Libby is absolutely right to be annoyed. I always advise people – however senior – to thank the interviewers and ask for any feedback and strongly believe this is the right thing to do when you have invested time and energy in any interview process. Frankly, I find it impossible to believe that anyone is really too busy to spend three minutes typing out a quick reply: do you? Maybe the people ignorant enough not to reply are the same people who bore us to death on twitter about how there isn’t enough time in the day/week/month/year etc, etc...Perhaps a time management course could help although I guess they are much too busy/important for that so maybe just some basic manners could suffice?
In recruitment it is sometimes quite amusing observing how situations/people change. Going back to the often used car salesroom analogy, I appreciate that most people want to just buy a new car, not become best mates with the salesperson at the showroom – and this clearly applies to the recruiter/jobseeker relationship.
However for me it should be different!!! For those who don't know me I am a great guy: incredibly charismatic, witty, intelligent, attractive and look great in a fake leopard skin thong 'posing' on the beach.
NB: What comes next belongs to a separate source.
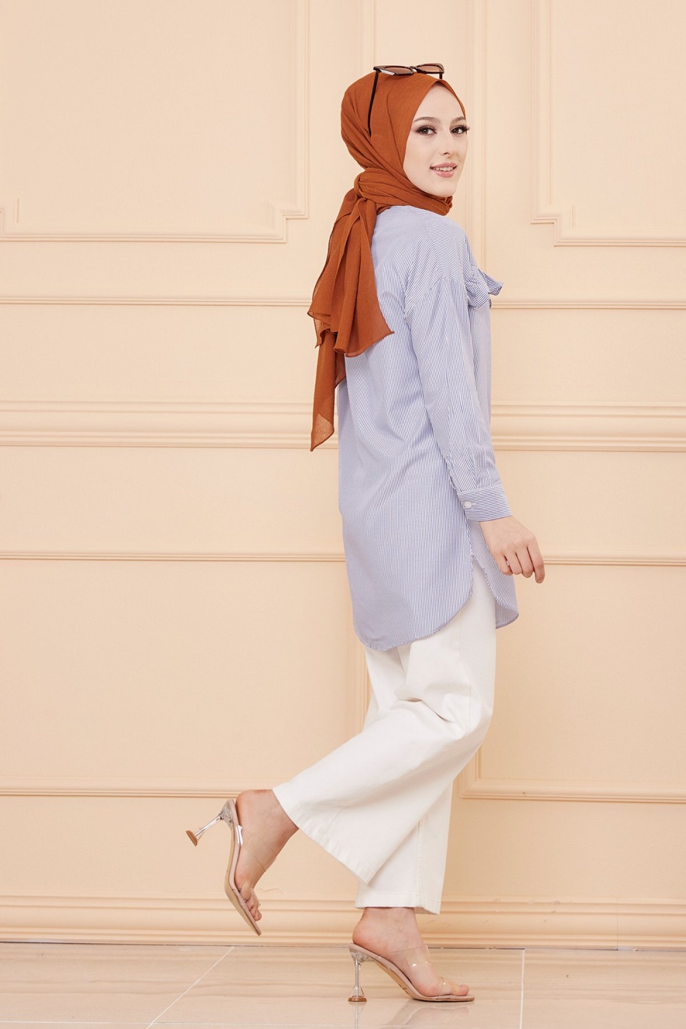 Tunique à froufrous pour femme (Tenue Hidjab) - Rayures couleur bleu Vetement & Accessoire

Therefore, naturally I am incredibly popular (if somewhat deluded) and so most people I know professionally want to be my friend (although not at the beach, surprisingly)....However, hard as it is to believe, some people I have dealt with on a professional basis can be just plain rude when they secure a role and never again have time to take my call. Of course, when they are then looking for a new role again we are best pals in their eyes....But I don't forget. Ok, I don't keep a little black book and a wide selection of voodoo dolls (well, maybe just a few) but often for more experienced people I am asked about their personal characteristics and in discussions with Line Managers their inability to maintain a relationship is always noted.
It is no coincidence that the best and most successful people in my sectors - many of whom I have dealt with for years - make time for all their contacts. I guess this is networking. One Global Head of Investigations I have known for 10 years calls me maybe once a month just for five minutes to catch up on the industry gossip and I know he actively maintains other relationships not directly relevant to his daily job. In terms of our relationship why wouldn't he stay in loose contact as he knows that as a recruiter in his area I often have access to information unavailable elsewhere. It is human nature that whenever he has asked me (or anyone else in his network) a favour I don’t hesitate to make the time to help.
Going back to Libby, I look forward to the day when she is running a successful Team and treats all people – not just those who can help her short-term career - in the correct way. By doing this she will reap all the professional benefits and, more importantly, do the right thing by treating people correctly.